I believe that would cause it to remove the repository when it terminates, 
regardless of whether it completed or not. That line is after all of the 
clone's code. I'm a bit suspicious that it's not flushing some stdio 
buffer and relying on the C library doing it on an orderly exit.

	-Daniel
*This .sig left intentionally blank*

^ permalink raw reply	[flat|nested] 17+ messages in thread

* Re: Scripted clone generating an incomplete, unusable .git/config
  2010-11-11 17:55       ` Daniel Barkalow
@ 2010-11-11 18:48         ` Jonathan Nieder
  2010-11-11 19:05           ` Jeff King
  0 siblings, 1 reply; 17+ messages in thread
From: Jonathan Nieder @ 2010-11-11 18:48 UTC (permalink / raw)
  To: Daniel Barkalow
  Cc: Nguyen Thai Ngoc Duy, Dun Peal, Git ML, Stefan Naewe, Carl Worth,
	Jeff King

On Thu, Nov 11, 2010 at 12:55:48PM -0500, Daniel Barkalow wrote:
> On Thu, 11 Nov 2010, Jonathan Nieder wrote:

>> --- a/builtin/clone.c
>> +++ b/builtin/clone.c
>> @@ -667,6 +667,5 @@ int cmd_clone(int argc, const char **argv, const char *prefix)
>>  	strbuf_release(&branch_top);
>>  	strbuf_release(&key);
>>  	strbuf_release(&value);
>> -	junk_pid = 0;
>>  	return err;
>>  }
>
> I believe that would cause it to remove the repository when it terminates, 
> regardless of whether it completed or not.

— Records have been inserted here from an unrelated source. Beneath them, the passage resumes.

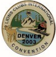
#June 30-July 4,2003 86th AC Denver, CO.
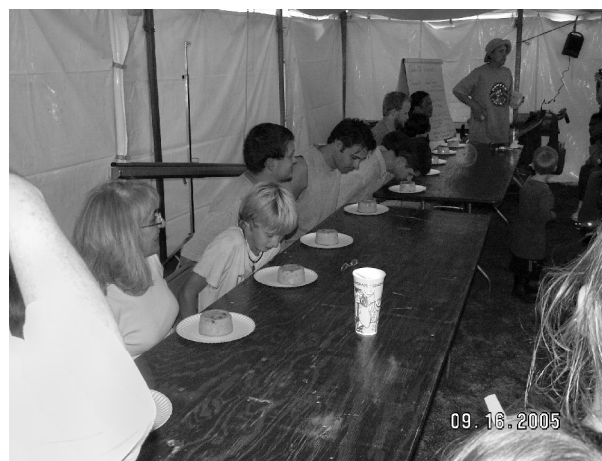
Pawpaw Eating Contest
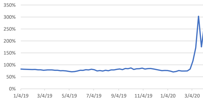
10 Year Muni/Treasury Ratio
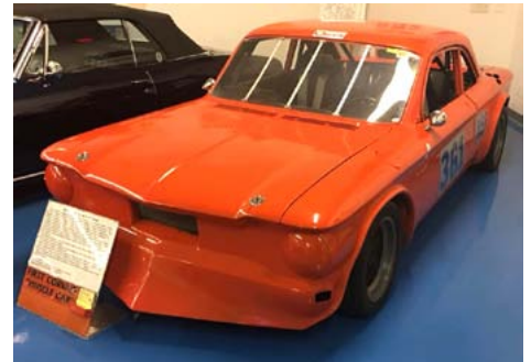
Warren LeVeque's '60 road race Corvair restored to race trim.

The exhibit was filled with all kinds of interesting articles, displays, and engineering prototypes. Included were interior and exterior color chips for every year Corvair made. Clark's had a small display of their own, showcasing the items and services they offer. The exhibit is very educational and a must see for any Corvair enthusiast, especially newbies like myself.
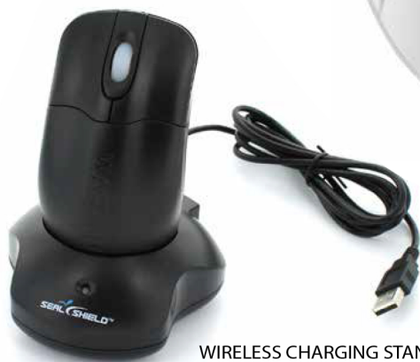
WIRELESS CHARGING STAND
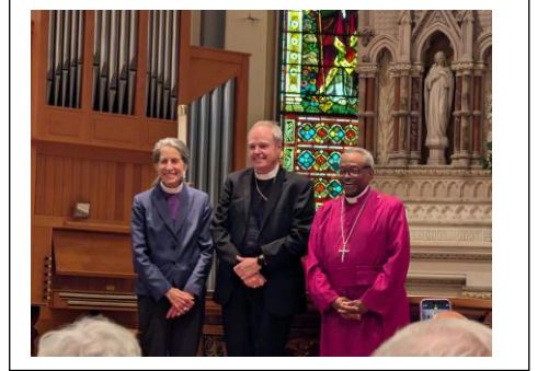
The Right Reverend Katharine Jefferts Schori (Presiding Bishop from 2006 to 2015), Sean W. Lowe (Presiding Bishop Elect), and Michael Bruce Curry (Presiding Bishop from 2015 to 2024)

As a member of the National Altar Guild Association (NAGA) Board, as well as a member of the Central Florida Diocese Altar Guild (DAG), I attended the 81 st General Episcopal Convention and NAGA Triennial meeting in Louisville, Kentucky, in June. I can't tell you what a blessing it was to be able to participate in this meeting, especially since this was a year when a new Presiding Bishop was selected; this occurs every nine years. This was my third General Convention; my first Convention was in 2015 in Salt Lake City, Utah, when Bishop Curry was selected as Presiding Bishop. NAGA typically meets every three years, in conjunction with the General Convention, but attendance at the 2021 Convention was very limited because of COVID, and the NAGA meeting in 2021 was held only by Zoom.
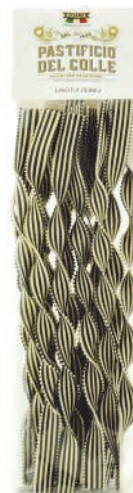
Lingua Zebra handmade 250g x 12 PAS3478
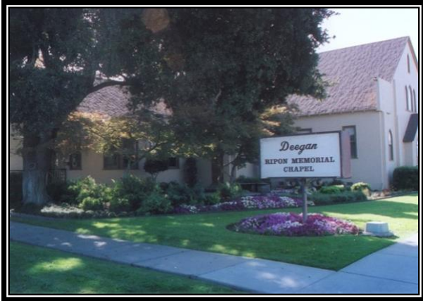
Deegan Ripon Memorial Chapel Ripon Chapel - FD~987 111 S. Palm Avenue, Ripon, CA (209) 599-3413
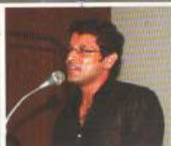
An Anniyan visits Nethrodaya
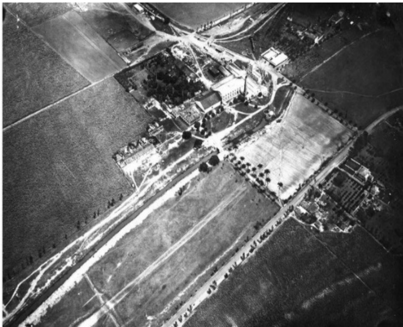
Figure 3 - Aerial view of the Burn plant, 1880. Highlighted in red the Avenue Dr. Nilo Peçanha.

The methodological procedure of this work focuses on: (a) in the bibliographic review on the city of Campos dos Goytacazes, a sugar-alcohol period to date; (b) in the object of study: the Burn plant; and (c) Documentary analysis.
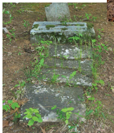
Henry Howser's 1842 stone before treatment.

After repair the stones were washed with Cathedral Stone's D/2 Biological Solution — designed to kill biologicals without harming the stone. In
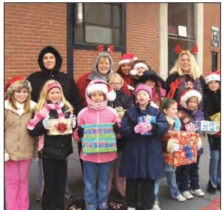
Charleroi Girl Scouts braved the cold to participate in Santa's parade.
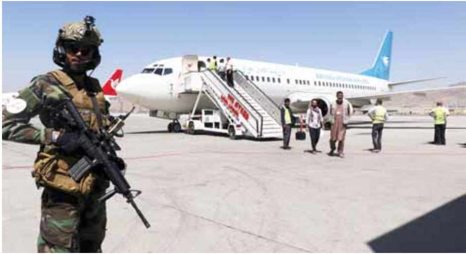
A Taliban soldier stands guard at Hamid Karzai International Airport in Kabul, Afghanistan

She says the American citizens she has met in the group are vulnerable people in their 70s, parents of Afghan Americans in the United States.
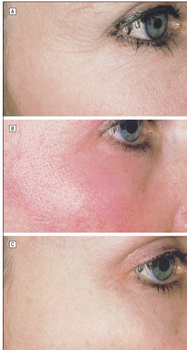
Figure 2. A 42-year-old woman with periorbital rhytides before treatment (A), immediately after nonablative skin rejuvenation using a 1.32- \mu m Nd:YAG laser in conjunction with cryogen spray cooling (B), and 6 weeks after nonablative laser skin resurfacing (C).

Laser Aesthetics (Auburn, Calif) developed a 1.32- \mu m Nd:YAG laser used in combination with CSC for nonablative skin rejuvenation. A multicenter study 21 evaluated periorbital rhytid improvement in 35 adults after 3 treat-
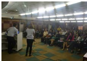
Jan 2015: PCFMI-FDA Joint Workshop
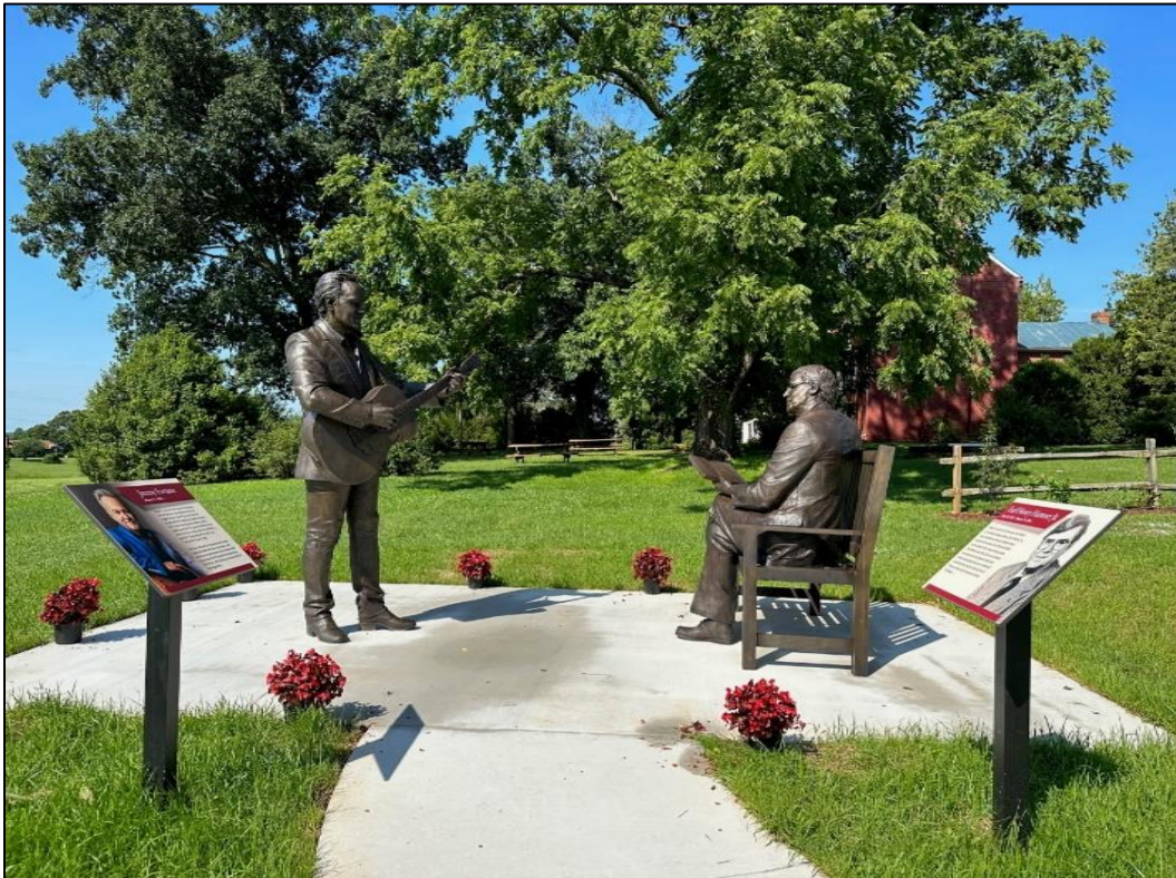
The Hamner/Fortune statues at Oakland Museum
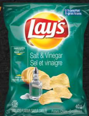
HOS LAYS S & V 40X40 GR 02HO106
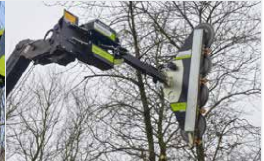
Quadsaw LRS 2402
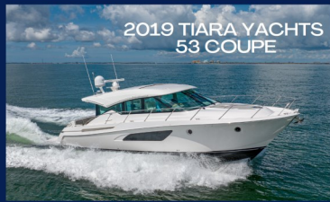
2019 TIARA YACHTS 53 COUPE
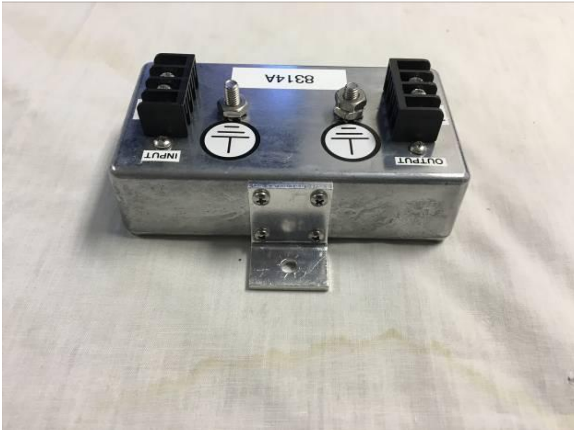
Figure 13. Side 3 of Filter #2

Part 90.242 B7MTR-6000TIS-WB 15-0297 February 4, 2015 RADIO SYSTEMS INC TR-6000
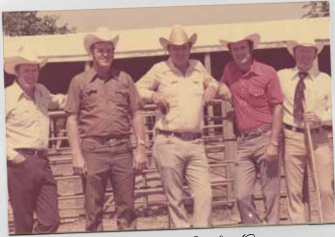
Coyote Hills - Early Days
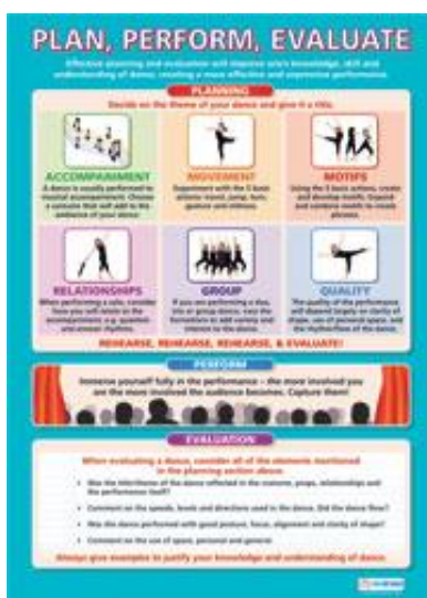
Plan, Perform, Evaluate (A1 size) Code: DAN 8
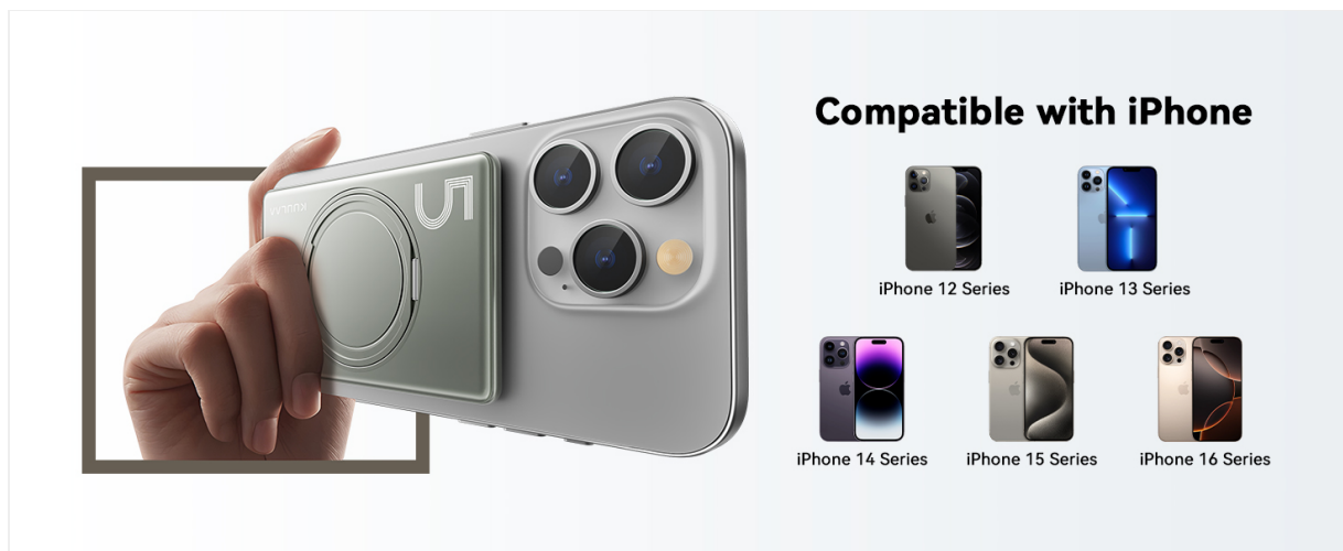
Image: The power bank attached to an iPhone, illustrating its compatibility with iPhone 12, 13, 14, 15, and 16 series.
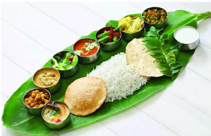
Traditional South Indian meals, served on banana leaves are known to be rich in spices that prevent several ailments. Most Indian kitchens apply the concept of minimal wastage along with many eco- friendly practices

Cumin and bishop's weed, the culinary equivalents of modern indigestion drugs, help digestion and check food-borne disorders. Pepper improves absorption of essential nutrients and promotes gut health. A pepper drink is often the go-to cure in many Indian homes to fight a flu.
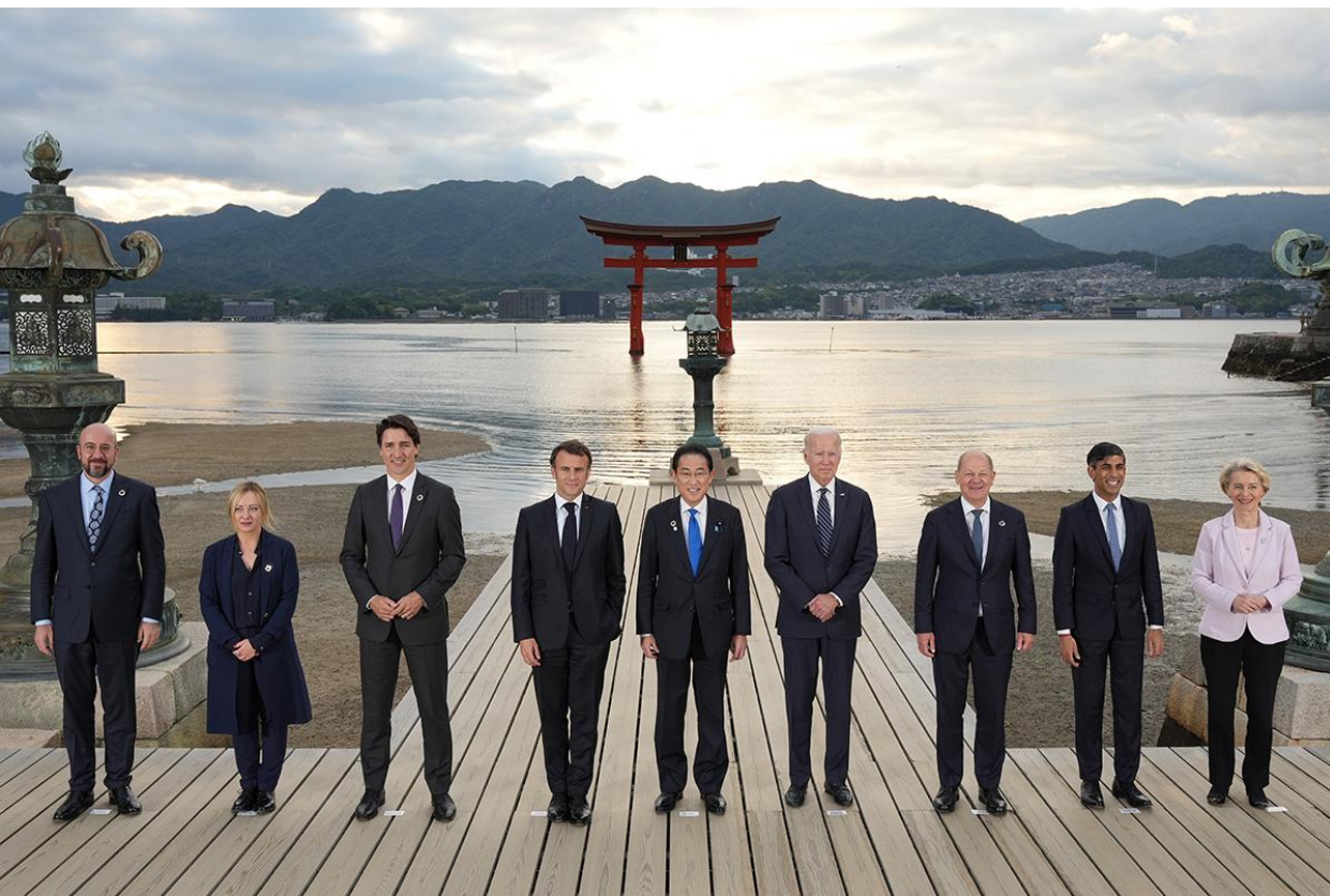
G7 Hiroshima Summit 2023
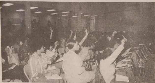
Held its 2nd National Assembly meeting October 25th, in Atlanta, where over 200 women and men discussed the principles of unity of the BWUF - anti-racism, anti-capitalism and anti-imperialism, and saw the adoption of national programs such as sponsoring of a multi-national Women's Conference March 6th, in New York City to discuss the formation of a Revolutionary Multi-National Women's Front.

October 25, Saturday the Black Women's United Front (BWUF) held its 2nd National Assembly meeting with a representation of 205 people. The main purpose of the meeting was
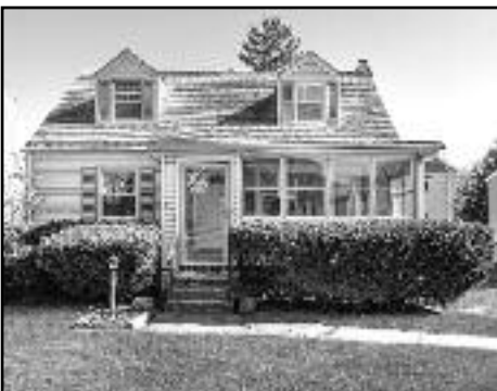
123 Burnside Avenue, Cranford Offered at $399,900
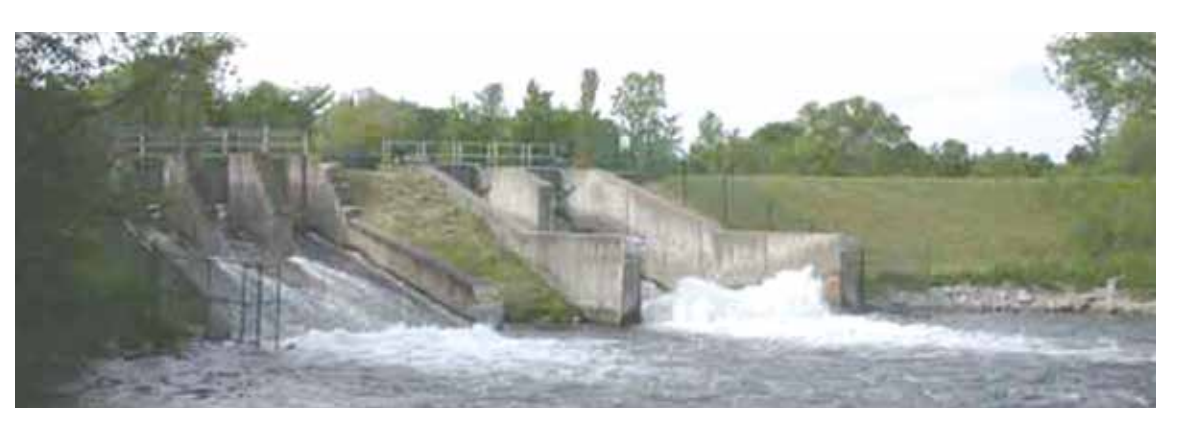
The Bellaire Dam - view from downstream

that I heard several times this spring: that the County was backing up water in Elk Lake to run the Hydro Dam for more profits—and therefore, causing Torch Lake to rise. In fact, the County is required by, and monitored by, several different government agencies to run the dam in "run of the river" mode, which means that we are only allowed to generate electricity from the natural flow of the river based on the legal lake level.
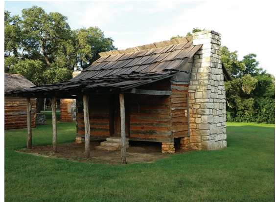
Cabin in Old Settlers Park
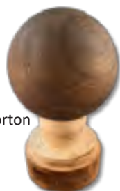
Kent Horton Walnut
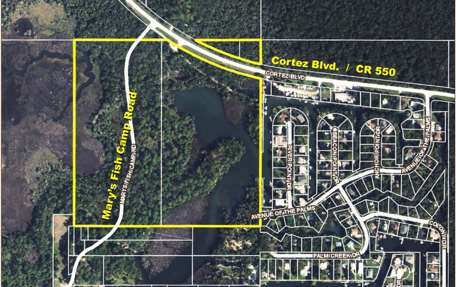
Concept Site Plan
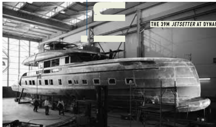
THE 39M JETSETTER AT DYNAMIQ
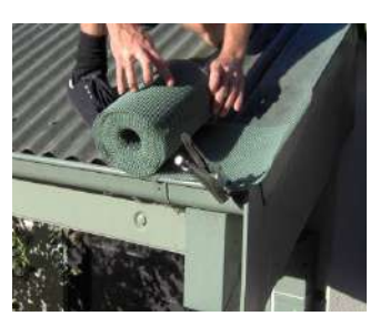
Step 1 : Mesh is clamped to beginning edge of gutter.
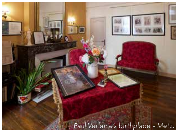
Paul Verlaine's birthplace - Metz.
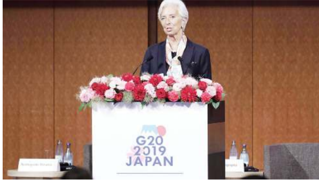
Christine Lagarde, managing director of the International Monetary Fund speaking at G20 Summit I Fukuoka.

The IMF, along with the World Bank and the World Trade Organisation, has in the past voiced concerns over an escalating tariff war, but it doesn't see the threat of a global recession as a result of the dispute. It has however, lowered China's growth forecast to 6.2 per cent
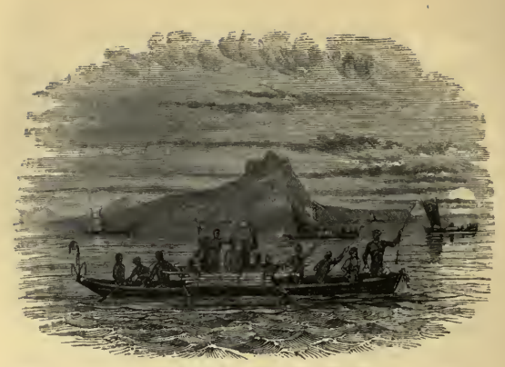
NATIVES OF THE MURRAY ISLANDS IN BOATS.
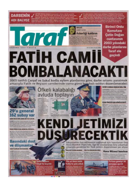
Cover of Taraf on the alleged coup attempt

Today it is widely recognized that the coup plans were in fact forgeries. Forensic experts have <u>determined</u> that the plans published by Taraf and forming the backbone of the prosecution were produced on backdated computers and made to look as if they were prepared in 2003. A quasi-judicial
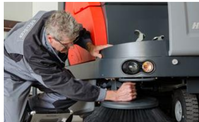
Easy access to all relevant components ensures uncomplicated maintenance and servicing.

Blue Competence is an initiative of VDMA ( www.vdma.org ). By engaging in this partnership, we are committed to comply with the twelve sustainability principles applied in the field of mechanical and system engineering ( www.bluecompetence.net/about ).
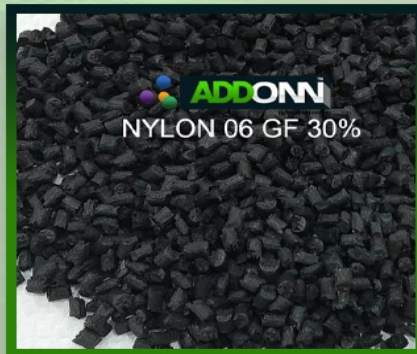
Black Nylon Glass Filled Granules
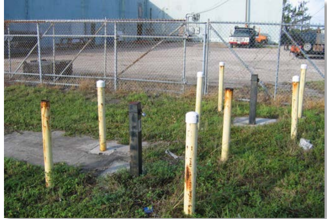
Figure 4. Monitoring wells at the Trans Circuits, Inc. site.

With these documents in place, and questions and concerns addressed, Florida Aero Precision purchased the property in late 2011. EPA and stakeholder cooperation not only addressed stakeholders' liability concerns, but

Ah, right, the second remove_junk() call is because of atexit().

So why does git clone keep running after the first remove_junk() call?
It seems that the signal is initially set up (by Python's popen()?) as
SIG_IGN.  I guess "git clone" should explicitly override that to be
SIG_DFL?

Here's a proof of concept.  It is not very good because it overrides
any previously set sigchain handlers (in case the "git" wrappers
start to use one) and because using SIG_DFL as a sigchain_fun feels
like violating an abstraction.

diff --git a/builtin/clone.c b/builtin/clone.c
index 19ed640..2f21a91 100644
--- a/builtin/clone.c
+++ b/builtin/clone.c
@@ -458,6 +458,7 @@ int cmd_clone(int argc, const char **argv, const char *prefix)
 	}
 	junk_git_dir = git_dir;
 	atexit(remove_junk);
+	sigchain_push_common(SIG_DFL);
 	sigchain_push_common(remove_junk_on_signal);
 
 	setenv(CONFIG_ENVIRONMENT, mkpath("%s/config", git_dir), 1);

^ permalink raw reply related	[flat|nested] 17+ messages in thread

* Re: Scripted clone generating an incomplete, unusable .git/config
  2010-11-11 18:48         ` Jonathan Nieder
@ 2010-11-11 19:05           ` Jeff King
  2010-11-12  2:16             ` Jonathan Nieder
  2010-11-12  4:32             ` Jonathan Nieder
  0 siblings, 2 replies; 17+ messages in thread
From: Jeff King @ 2010-11-11 19:05 UTC (permalink / raw)
  To: Jonathan Nieder
  Cc: Daniel Barkalow, Nguyen Thai Ngoc Duy, Dun Peal, Git ML,
	Stefan Naewe, Carl Worth

On Thu, Nov 11, 2010 at 12:48:29PM -0600, Jonathan Nieder wrote:

> So why does git clone keep running after the first remove_junk() call?
> It seems that the signal is initially set up (by Python's popen()?) as
> SIG_IGN.  I guess "git clone" should explicitly override that to be
> SIG_DFL?

I was tracing this earlier today, too, and got sidetracked. But I got to
the same confusing point: why doesn't it die after cleaning up? It looks
like we inherit SIG_IGN for SIGPIPE from the parent python process.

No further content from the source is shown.